RÉFLEXIONS pour Mc 10:46-52
Aujourd’hui, nous lisons le récit de l’évangéliste Marc sur la même guérison d’un aveugle que racontait l’évangéliste Luc. Les deux récits coïncident exactement quant à leur essence ; par rapport à Luc, l’évangéliste Marc ajoute seulement quelques détails. Tout d’abord, il nous a conservé le nom de l’aveugle de Jéricho : Bartimée (en hébreu Bar-Timée, fils de Timée, explique Marc, qui écrit en grec).
En outre, Marc attire l’attention sur le fait que la foule qui entourait le Seigneur Jésus n’était pas composée uniquement de pharisiens. Il s’y trouva des gens qui adressèrent à l’aveugle des paroles dignes de disciples du Seigneur Jésus-Christ. Une force étonnante de miséricorde et d’accueil de la personne résonne dans cet appel : « Prends courage, lève-toi, Il t’appelle. » Ainsi, les personnes présentes ne faisaient pas toutes taire l’aveugle pour qu’il ne gêne pas l’entrée du Christ à Jéricho ; d’autres, au contraire, l’encourageaient. Peut-être l’aveugle n’espérait-il pas beaucoup que ce Maître de Galilée, qu’il ne connaissait pas, répondrait à sa supplication. Peut-être n’était-il pas certain que Jésus fût capable de le guérir. Enfin, le récit de Marc permet de penser que le cri de l’aveugle, « Fils de David, aie pitié de moi », était moins une confession de foi ferme et claire qu’une sorte de question adressée au Christ. La prophétie d’Isaïe disait que le Christ, le Fils de David, guérirait les aveugles. Et voici que l’aveugle s’adresse au Maître entouré par la foule. Ses paroles signifient peut-être : « si Tu es bien ce Fils de David, aie pitié de moi, accomplis la prophétie ». Ce n’est que lorsque le Christ S’arrête et appelle Bartimée que le pauvre aveugle comprend qui il lui a été donné de rencontrer. Comme cela arrive souvent, il fut lui-même effrayé par sa propre audace et, intimidé, ne put bouger de sa place. Voilà pourquoi les disciples durent lui dire : « Prends courage, lève-toi, Il t’appelle. »

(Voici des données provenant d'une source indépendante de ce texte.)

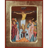 Tato hluboce symbolická ikona, vytvořená v Řecku, zachycuje vrcholnou oběť našeho Pána Ježíše Krista na kříži. Nad Kristovou hlavou čteme nápis „Král slávy“, což připomíná, že kříž není pro věřícího místem porážky, ale trůnem, z něhož Bůh začal kralovat nad světem. Po stranách stojí přesvatá Bohorodice a svatý Jan Teolog, tiší svědkové lásky, která se vydala za život světa.

Peut-être est-ce aussi à cela que se rattache le troisième détail conservé par Marc et non mentionné par Luc. Bondissant, Bartimée rejeta le manteau poussiéreux dans lequel il était enveloppé, un himation semblable à la toge romaine, et courut vers Jésus. Peut-être, comme on le pense habituellement, ce manteau l’empêchait-il de se mouvoir rapidement ; peut-être était-ce un geste de respect envers le Maître... Quoi qu’il en soit, cela confirme l’impression que Bartimée ne s’attendait pas à ce que le Maître daigne répondre à son cri.

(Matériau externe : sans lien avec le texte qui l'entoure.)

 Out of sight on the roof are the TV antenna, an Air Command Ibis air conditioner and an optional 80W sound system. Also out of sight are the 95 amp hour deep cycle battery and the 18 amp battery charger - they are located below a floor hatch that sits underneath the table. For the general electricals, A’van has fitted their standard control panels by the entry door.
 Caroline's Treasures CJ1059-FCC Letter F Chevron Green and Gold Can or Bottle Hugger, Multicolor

Enfin, il y a encore un point important : la manière dont l’aveugle s’adresse au Christ. L’évangéliste Luc, qui a consigné ce récit « après enquête » sur la tradition de l’Église, emploie comme adresse le mot habituel parmi les chrétiens de langue grecque, « Seigneur » (en grec Kurios). Marc, en revanche, qui traduisait en grec et consignait le témoignage de l’apôtre Pierre, témoin oculaire de cette guérison, place ici sans le traduire le mot araméen « Rabbouni », « maître ». Cette forme d’adresse est empreinte d’un respect exceptionnel ; elle souligne l’origine divine de l’enseignement annoncé par le Maître. Selon le témoignage de l’évangéliste Jean, c’est précisément cette adresse qui jaillit des lèvres de Marie Madeleine bouleversée lorsqu’elle voit le Christ ressuscité. Pour Bartimée, son dialogue avec le Seigneur Jésus devint probablement une rencontre avec Dieu Lui-même, le Maître et le Pasteur d’Israël. Voilà ce que le Seigneur appelle la foi qui a sauvé l’aveugle.
Et bien sûr, un détail très frappant est que Bartimée, ayant recouvré la vue, suivit Jésus sur le chemin. Où donc et à la suite de qui un homme qui a recouvré la vue pourrait-il aller, sinon à la suite de Jésus ? Ainsi Pierre dit-il dans un moment difficile : « Seigneur, à qui irions-nous ? Tu as les paroles de la vie éternelle. » Le recouvrement de la vue donne à Bartimée la possibilité non seulement de voir le monde, mais aussi d’y voir l’essentiel : le Fils de Dieu.